- Theatrical poster featuring actors Noah Reid and Melanie Leishman
- Directed by: James Genn
- Written by: Dane Clark
- Produced by: Geordie Sabbagh
- Starring: Noah Reid Melanie Leishman
- Cinematography: Arthur E. Cooper
- Edited by: Kye Meechan
- Music by: Dave Genn
- Production companies: Canadian Film Centre Geordie Sabbagh Productions
- Distributed by: Entertainment One
- Release date: September 2012 (Cinéfest);
- Running time: 85 minutes
- Country: Canada
- Language: English

= Old Stock (film) =

Old Stock is a 2012 Canadian romantic comedy-drama film, directed by James Genn.

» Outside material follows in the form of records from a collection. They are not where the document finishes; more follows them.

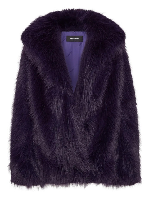 plum purple faux-fur design shawl lapels long sleeves logo-jacquard lining
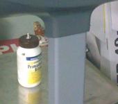 Я использовал полиэтиленовые 100-граммовые пузырьки от канцелярского силикатного клея для мелких моторов.
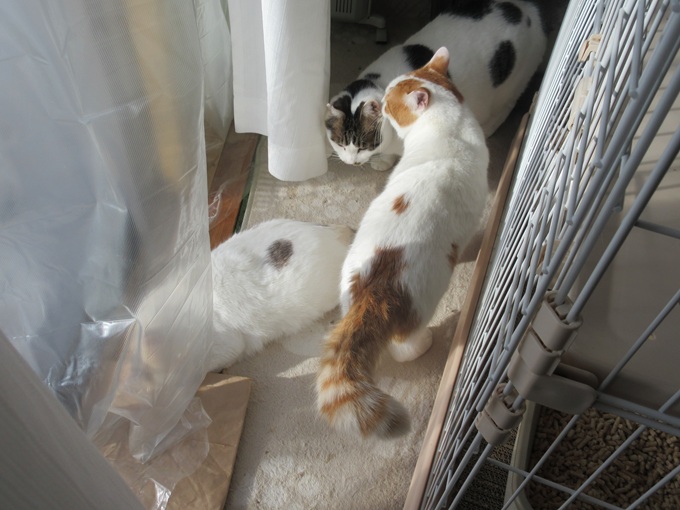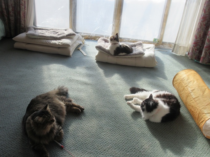 ![]() 僕はキジトラきじた君<(`^´)> ソファーはあったかいにゃん(#^^#) 電気毛布の上に毛布を掛けてもらってるよ にゃ? しもべ お顔かゆいの? 目のふち回り・・? お鼻がぐすぐす・・;; ![]() それって・・抜け毛が原因にゃよ・・;; 猫族はお洋服をナメナメ♪ お手入れするよ 脱け毛についた唾液が 猫アレルギーの原因なんだよ(´・ω:;.:... ・毎日の掃除機かけ頑張ってしてね ふわふわ ふんわり抜け毛を何とかしなきゃね ・布ものの抜け毛をとってお洗濯するにゃ! ・敷物は抜け毛がつかないものに交換! できるだけ敷物は置かない! ・カーテンは定期的に洗濯ニャ! ※ 抜け毛がつきにくいカーテン(ペット用)もあるよ ・愛猫のブラッシングもお手伝いしてニャ ・空気清浄機フィルターっ交換にゃあ(≧▽≦) ※ 猫族はお水が苦手だよヽ(`Д´)ノプンプン 猫のシャンプーは、猫族のストレスの原因になるから できるだけひかえて、ブラッシングを頑張ってね ![]() 猫族は冬物のお洋服 換毛期なんだよ 黒猫毬(まり)ちゃん 脱け毛あちこちで・・ ぼさぼさ・・・;ごっそり抜けてるよ! しもべには ブラッシングさせないけど 季節が来るとちゃんと毛代わりするんだよ<(`^´)> 少し茶色がかった黒いお洋服 いまじゃあ真っ黒 艶ピカになったんだよ(@ ̄□ ̄@;)!! 抜け毛が多い日本猫にゃもん(*^▽^*) ![]() キジ白 ちーちゃん♡ 抜けないように見えて やっぱり日本猫(`・∀・´)エッヘン!! たっぷり 抜けてるよ ![]() 白三毛ネコママにゃと 茶白君は 洋猫mixにゃもん ![]() たっぷりお日様浴びて ふわふわのお洋服 茶白君のおしっぽは 普段でもふわふわ ぼわぼわ(⋈◍>◡<◍)。✧♡ 白三毛ママにゃは青い目にゃよ 洋猫血統が入ってるよ?? ![]() 長毛キジトラらて君♪ 見かけより抜け毛は少ない猫種だよ 毛は長いけど・・; 脱け毛の本数は普通だよ ![]() シャムmixアオちゃんも シャムmix 黒猫ブライアン君も 抜け毛は少ないもん(`・∀・´)エッヘン!! ![]() 猫ホテルは多頭飼育 空気清浄機20畳用 6畳に1個相当 置いてるよ 今日はフイルター交換するよ ※ 空気清浄機は、部屋の広さの倍くらいのパワーの物がお勧め 効果が十分発揮するよ (6畳=12畳用 8畳=16畳用) ![]() 12月の初めに交換してから約2か月で…( ;∀;) ![]() (@ ̄□ ̄@;)!! これ全部僕たちの抜け毛なの? 全部で5台 チェックしたよ 場所によって、多い少ない場所があるよ 今回は3個交換! ![]() 洗えるペットシート 届いたよ(*^▽^*) 今までは、カーペットラグだったけど・・ 脱け毛や爪とぎの屑・・・猫砂がついちゃうよ つめとぎ、下にもぐってボロボロにしちゃったよ ![]() マーキング対策に(104cm×104cm) 吐いても・・すぐに拭き掃除できて 洗濯できるよ(*^▽^*) ![]() 今回は2畳用を2枚! 吐いてもすぐに洗えるように小さいのを敷いてもらったよ これ 抜け毛がつきにくいし 猫砂もすぐに 掃除機で吸い込むよ ![]() 乾くまで、少し水だれ・・ 洗えるペットシートを敷いてから干しているよ ![]() 大運動会しても、畳は無事(*^▽^*) 吐いても、チッコしてもすぐふき掃除 洗濯できるよ クッション性がないから・・少し物足らないかな ![]() 次は 僕たちのベッド(クッション) 抜け毛がたっぷりついてるよ コロコロで、しっかり抜け毛をとって洗ってもらうよ ※ コロコロは毎日でもok! 洗濯は、自分のテリトリーを侵略されるのと同じだよ 人間だって他の人が入ったら嫌でしょ! 週1・・・位に控えてね ![]() いい天気にゃあ(*^▽^*) 猫タワー満員御礼だよ ![]() あめしょmix カラちゃん♡ うず巻き模様がはっきり! 猫フードって食べ始めて約3か月位から 効果が目に見えてハッキリわかるんだって(@ ̄□ ̄@;)!! からちゃん 被毛がふんわりしなやかになって 柄が、よくわかるようになったよ(#^^#) ![]() コロコロがすんだら 洗濯ネットに入れて洗うよ 中で、ゆふゆふ・・・お洗濯できるように、大きなサイズのネットを使うよ ![]() 抜け毛がつかない 専用洗剤もあるけど 今日は「抗菌アタック!」 仕上げに柔軟剤(静電気用)も使うよ(#^^#) ※ 静電気が、猫毛をくっつける原因! 柔軟剤で、対策だよ 食べ残し・・・僕たちの皮脂汚れも 抗菌洗剤ですっきり(*^▽^*) 洗濯ネットは細かい網目 洗濯中に 抜け毛が他に広がらないんだよ(`・∀・´)エッヘン!! ![]() 1枚・・2枚・・3枚・・ 僕たちの寝袋(シュラフ)はお布団かわり 被毛がつきにくくて、洗濯できるのがいいんだー! シュラフは広げて、みんなのお布団だよ ![]() ソファカバーの毛布も お洗濯してもらったよ(*^▽^*) ![]() シュラフ 爪とぎ いい気持ち(#^^#) ![]() 日向ぼっこ 窓際より すこし 内側 冬はひざしが長く入ってくるんだよ ![]() 食いしんぼブライアン君は ちょっとぷよぷよ・・;; ダイエット中(`・∀・´)エッヘン!! カロリー控えめごはんだよ ![]() 食事管理! 自分のケージでごはん貰うよ 猫族のダイエットってすごく難しいよ 運動・・ではだめにゃン( ;∀;) ちゃんと食べすぎないようにフードで管理されちゃうんだよ 僕と長毛キジトラらて君! ご飯タイムは myケージで! カロリー控えめなカリカリ パウチ
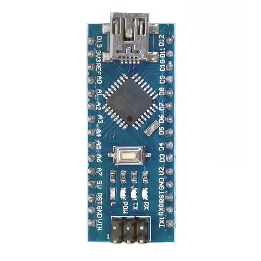 Arduino NANO – самый миниатюрный микроконтроллер семейства Ардуино. Плата работает на базе чипа ATmega328. Легко интегрируется в сложные схемы, обеспечивает высокие рабочие характеристики при минимальных габаритах. Размеры контроллера – 1.85 см x 4.2 см. Плата оснащена 14 цифровыми и 8 аналоговыми входами. Данные передаются по интерфейсам UART, I2C и SPI. Для синхронизации с компьютером предусмотрен разъем под кабель мини USB.
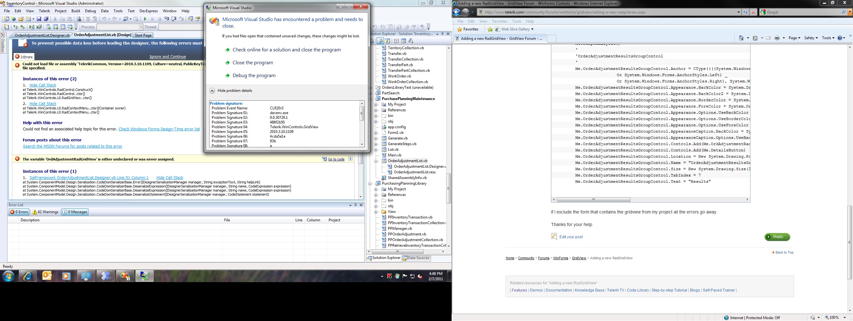 If I exclude the form that contains the gridview from my project all the errors go away.
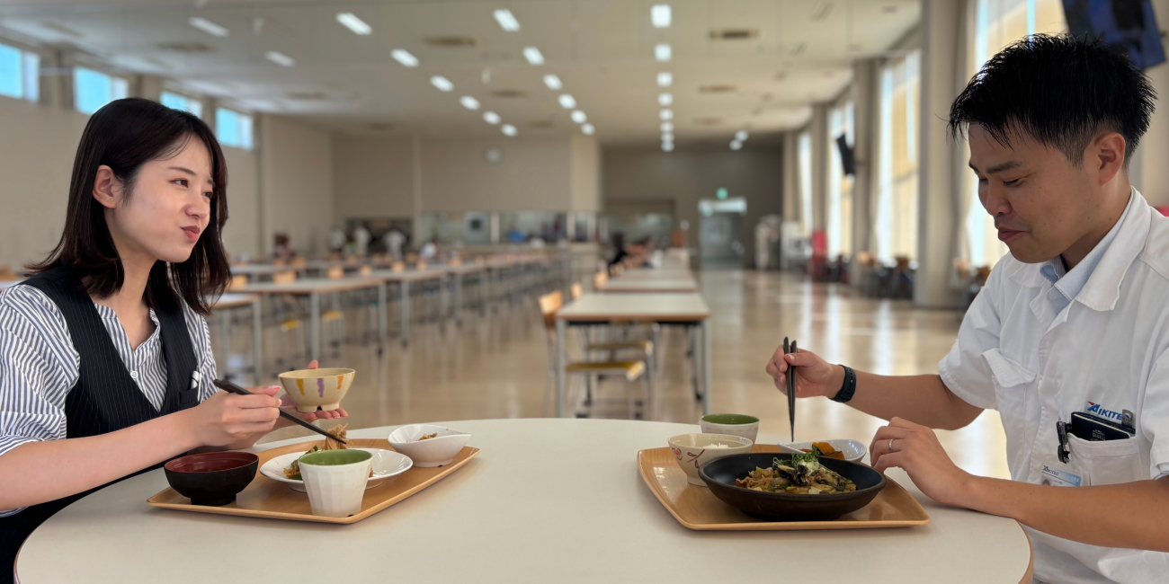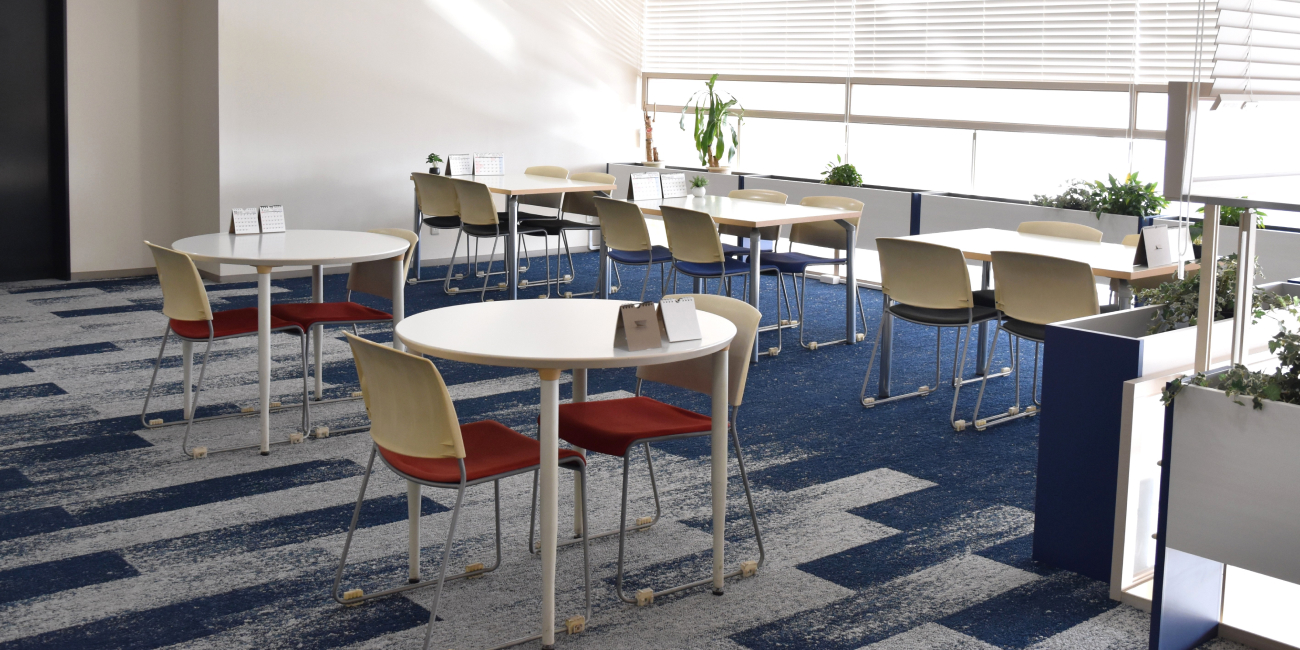 広々とした食堂では、社員全員が毎日無料で食事を楽しむことができます。栄養バランスを考えた温かい
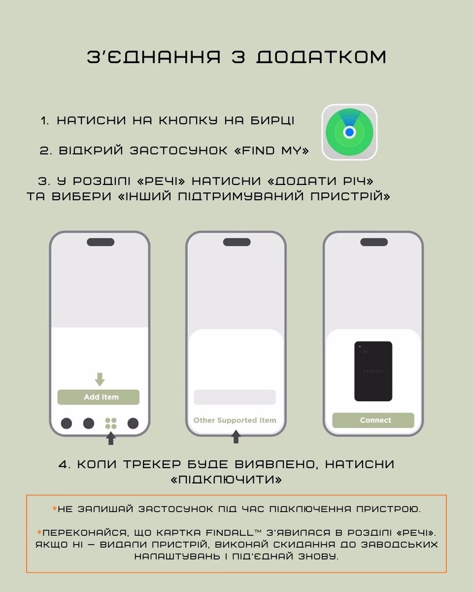 Трекер FindAll™ интегрируется с приложением Apple Find My, позволяя отслеживать точное расположение. Достаточно активировать сигнал в приложении — трекер издаст громкий звук для быстрого поиска, а на экране появятся точные подсказки, куда идти. Если брелок случайно остался дома или в офисе, телефон сразу об этом уведомит — и можно вернуться за ним, прежде чем день пойдёт наперекосяк.
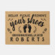 "Hello! Please Remove Your Shoes" text with feet, shoes and laurel sprigs. Add your family name to this chic rustic farmhouse doormat with a faux burlap background and black silhouettes - perfect for lovers of the farm look.
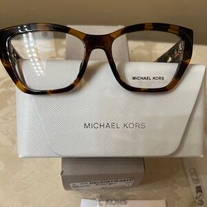 Stylish tortoise shell glasses by Michael Kors clear lenses Comes with a white case, care instructions dust cloth and box
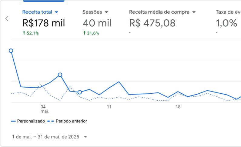 O resultado é consequência de um planejamento bem executado. Garantimos um time dedicado, especializado e com processos validados para escalar e-commerces. O sucesso depende também da qualidade do produto, da oferta e da execução da sua parte como cliente.

The film stars Noah Reid as Stock Burton, a young man who has spent two years acting as if he were already elderly, living with his grandfather Harold (Danny Wells) in a retirement home, to escape the disapproval of the community after having been unwittingly responsible for an accident that disrupted his high school graduating prom. One day he meets and connects with Patti (Melanie Leishman), a woman who is teaching dance classes at the senior's home as community service after being found guilty of pyromania, who may finally provide the impetus for Stock to move out of the retirement home and start living life as a young man again.

==Production==
Old Stock had a three-week shoot with several scenes filmed November 2011 in Orangeville at a real retirement home, the Lord Dufferin Centre.

==Distribution==
The film premiered at the 2012 Cinéfest Sudbury International Film Festival, before going into commercial release in 2013.

==Critical response==
Geoff Pevere of The Globe and Mail rated the film 2.5 stars, writing that "populated with winningly eccentric personalities (the odd-couple pairing of Reid and Leishman is especially appealing, in a mutually maladroit kind of way), chuckle-tickling one-liners and a universal conviction in the abiding but redeemable silliness of the human condition, Old Stock is an amiably warm celebration. Wear it like one of Stock's sweater vests and stand for the national anthem."

Linda Barnard of the Toronto Star was more negative, writing that the film's blending of comedic and dramatic tones didn't mesh, and concluding that "with a nod to John Hughes, director James Genn makes the best of what is clearly a limited budget. But Dane Clark's script is too twee and sitcom-like for its own good."

For Exclaim!, Scott Gray rated the film six out of ten, writing that "having something real to say about the uselessness of dwelling in the past or allowing oneself to become paralyzed by guilt over a random act of life is only enhanced by consistent, often subtle performances and Genn's use of forced-perspective to reinforce the supporting theme of encroaching modernity."

==Awards==
The film received three Canadian Comedy Award nominations at the 15th Canadian Comedy Awards in 2014, for Best Feature Film, Best Direction in a Feature (James Genn) and Best Writing in a Feature (Dane Clark).

Dave Genn received a Leo Award nomination for Best Musical Score in a Feature Length Drama in 2013.

Dane Clark's screenplay for the film was a Praxis Screenwriting Competition Winner.